Augsburg Vor kurzem hat Ahmet Tutam seinen Schülern erzählt, dass Allah und Gott derselbe sind. Manche Kinder haben ihn da erstaunt angesehen. Deshalb holte Tutam aus. Er erklärte, dass Allah das arabische Wort für Gott sei. Und dass auch arabische Christen Gott Allah nennen. Tutam kann das sagen. Er gibt seit acht Jahren Islamischen Unterricht. Nicht in einer Moschee, sondern an der Laurentius-Grundschule in Bobingen im Landkreis Augsburg. Dafür hat sich der 45-jährige Deutsch-Türke im Fach Islamische Unterweisung ausbilden lassen und von der Universität Nürnberg-Erlangen das notwendige Zertifikat erhalten. Sein Unterricht geht aber weit über das Lesen von Suren hinaus. Er behandelt auch das Christen- und Judentum, zeigt Gemeinsamkeiten und Unterschiede auf. „Ich verstehe mich als Kulturdolmetscher“, sagt er, „als Brücke zwischen den Religionen.“

Die Laurentius-Grundschule gehörte 2009 zu den ersten Schulen Bayerns, die den runderneuerten Islamunterricht ins Angebot aufnahmen. Das Bayerische Bildungsministerium verfolgt mit dem neuen Fach das Ziel, den Schülern in staatlicher Verantwortung den islamischen Glauben näherzubringen. Die Unterrichtssprache ist Deutsch. Der Modellversuch sollte erst fünf Jahre laufen, wurde 2014 aber um weitere fünf Jahre verlängert.
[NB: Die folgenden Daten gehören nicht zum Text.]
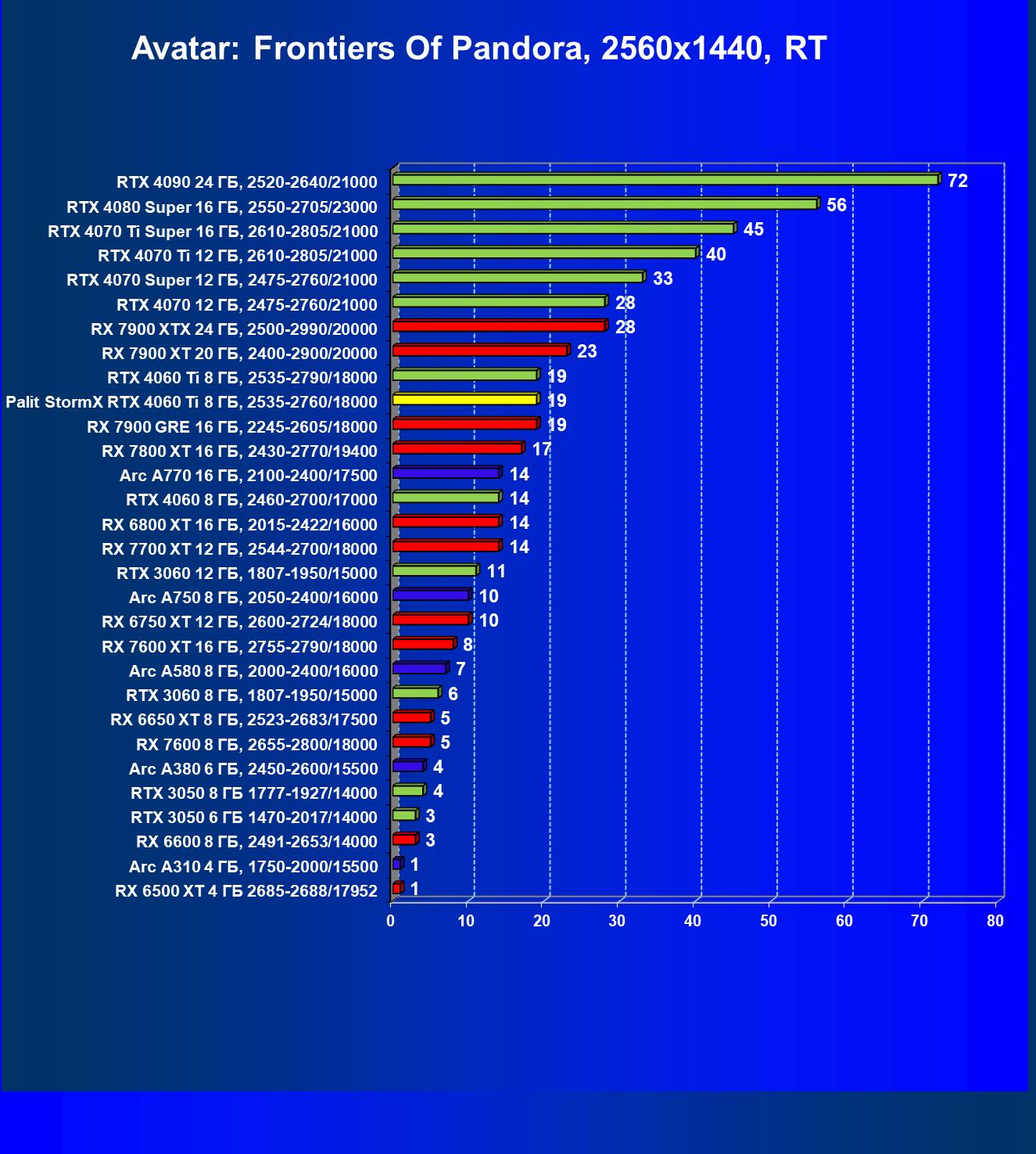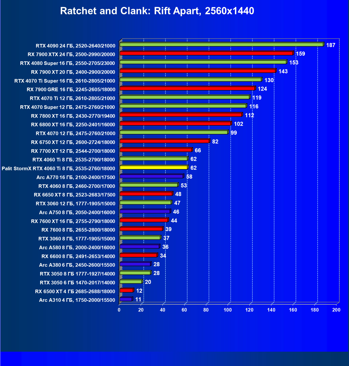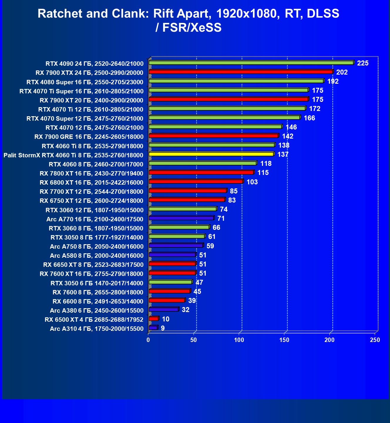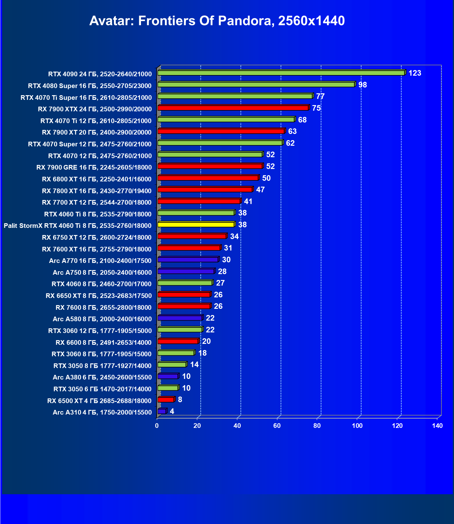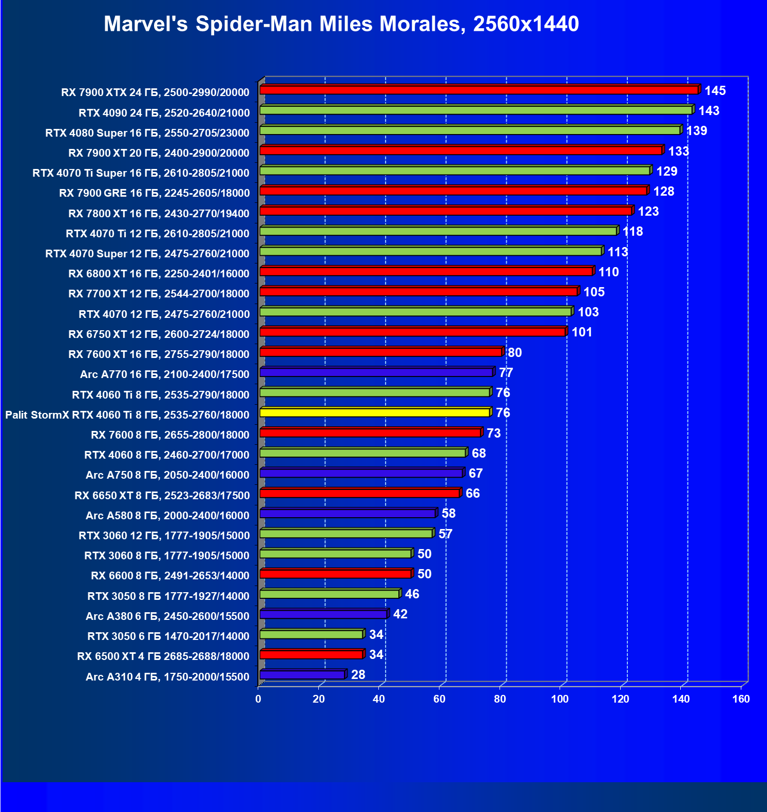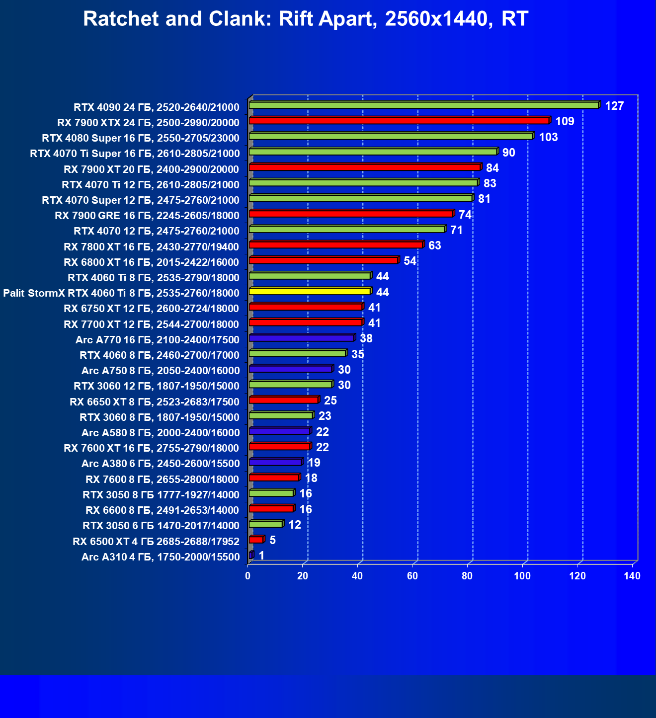 В классических играх без трассировки лучей GeForce RTX 4060 Ti оказался в своей группе на третьем месте (карта Palit не отличается от референсной), уступив Radeon RX 7700 XT и Radeon RX 6750 XT (но они и дороже).

Jetzt endet er 2019. Doch was kommt danach? Darüber ist nun eine lebhafte Diskussion ausgebrochen.

Der Bayerische Lehrerverband (BLLV) preschte im November vor. Er forderte, dass der Modellversuch endlich zum Regelangebot ausgebaut werden müsse. Heißt: weg mit Befristungen, hin zum schrittweisen Ausbau des Islamischen Unterrichts in ganz Bayern. „Aktuell können nur 15 Prozent der muslimischen Schüler den Islamischen Unterricht besuchen“, sagt Simone Fleischmann, BLLV-Präsidentin. „Ziel muss es aber sein, dass mindestens 85 Prozent von ihnen diese Chance haben.“ Um das zu schaffen, brauche es jetzt einen Masterplan.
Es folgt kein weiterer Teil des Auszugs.